Identifying Beta Cell Dysfunction with Sensitive and Specific Proinsulin Chemiluminescent Assays
Studies have shown that deterioration of pancreatic beta cell function may be assessed by the measurement of proinsulin, the precursor of insulin and C-peptide. Research has shown proinsulin to be an important biomarker for secretory beta cell dysfunction, an indirect predictor of insulin resistance, and an independent cardiovascular risk factor due to inefficiencies of proinsulin processing affiliated with demands on the beta cell. However, the ability to distinguish between intact, total and the partially processed proinsulin species has been difficult to research.

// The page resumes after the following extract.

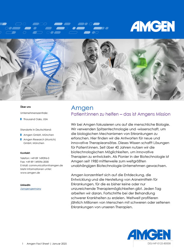 Wir sind Expert:innen der Biotechnologie: Informieren Sie sich zu Amgen global und in Deutschland.
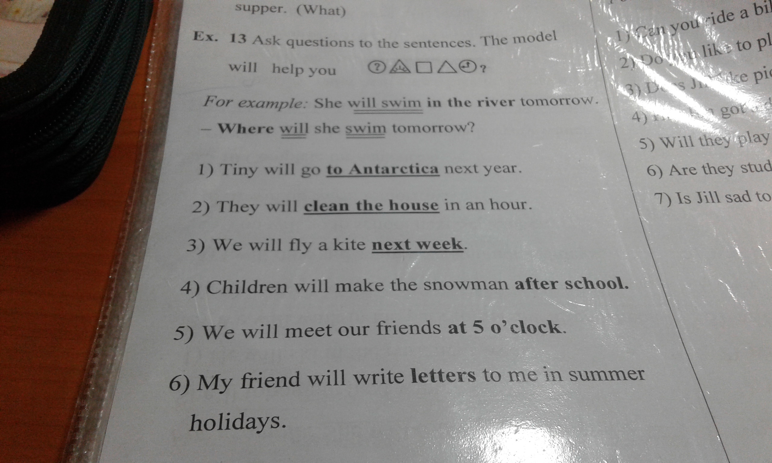 Не множко не поняла суть задания... надо задать вопросы с wi llк предложениям?

In order to address this issue, ALPCO developed the STELLUX® Total Proinsulin ELISA and the STELLUX® Intact Proinsulin ELISA for the quantitative determination of total and intact proinsulin in human serum, plasma, and tissue culture supernatants (TC Sups) over a dynamic range of 5-3,000 pg/mL and superior sensitivities. These assays are FDA Class I Devices for In Vitro Diagnostic Use. They have been calibrated to the WHO Proinsulin 1st International Standard 09/296.
These assays have negligible cross-reactivity to human insulin (0.17% and <0.6%) and C-peptide (0% and <0.1%), and 100% cross-reactivity to intact proinsulin. The assays differ in cross-reactivity to Des (31,32) proinsulin, with 0.73% and 100% for the intact and total proinsulin assays, respectively.